# Customization Dataset Preparation

NeMo LLM Customization service requires data to be in the form of .jsonl file with each line having only two fields (namely prompt and completion).

However, you might not have your data readily in this format (or even filetype).

This tutorial will help you to convert from what you have to what you will need quickly and easily.

What you will need:


1.   NeMo LLM Python Client
2.   Your datafile (in the form of a .jsonl, .json, .csv, .tsv or .xlsx). Each row should contain one sample. Make sure that the directory your file is in is readable and writeable, otherwise, please change it using chmod. Don't worry, we will not overwrite your existing file.



# Proof-read/validate data already in prompt-and-completion format

If you have your dataset in the prompt and completion format, you can use this tool to check that the way your dataset is prepared is suitable for the  Customization service. 
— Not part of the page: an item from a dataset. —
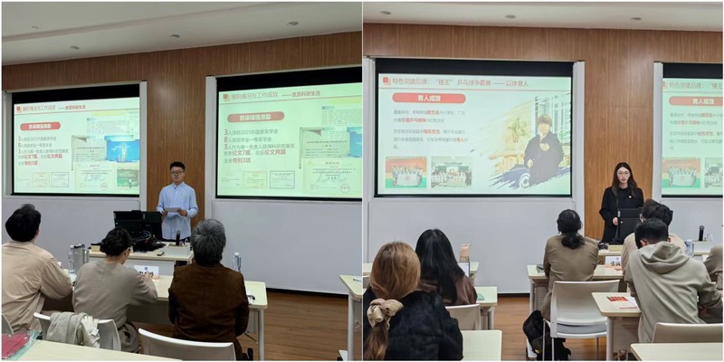 活动伊始,两院员工党支部开展建设交流。太阳成集团tyc151cc2024级研究生第二党支部书记魏浩桢围绕支部建设、思想引领、作风纪律和实践服务介绍工作成效。支部通过规范支委会运行和党员教育管理,持续提升组织建设水平;依托“红色家乡文化分享”、支部委员讲党课、红色剧本体验和专题党课等形式,强化思想引领与纪律教育;组织党员赴红色场馆研学、参与志愿服务,推动学习成果转化为实际行动。体育科学与工程学院员工党支部书记王晗以“砥砺深耕 履践致远”为主题,介绍支部本研一体化建设成果。支部严格落实“三会一课”、主题党日等制度,扎实推进党员发展培养;立足体育专业特色,以“楼王”乒乓球争霸赛为载体,构建“文化宣讲+技能教学+赛事活动+红色研学”四位一体实践模式,深入社区和中小学开展体教融合与红色育人,推动党员在科研、竞赛和志愿服务中发挥先锋模范作用。双方交流务实深入,为两院进一步共建共促、协同发展奠定了良好基础。

With close to a dozen consideration factors that makes training optimal, there might just be something you overlook (we all do!). 

In [None]:
#cd to the directory containing dataset_validation.py

!python dataset_validation.py --filename <filename>

# Making changes following tool recommendations

After running this code, you see a list of suggestions to use under ACTIONABLE MESSAGES as well as some insights into your dataset under INFORMATIONAL MESSAGES.

We suggest you prioritize changes suggested under ACTIONABLE MESSAGES but also have a look at the INFORMATIONAL MESSAGES to ensure that changes are done in an expected manner.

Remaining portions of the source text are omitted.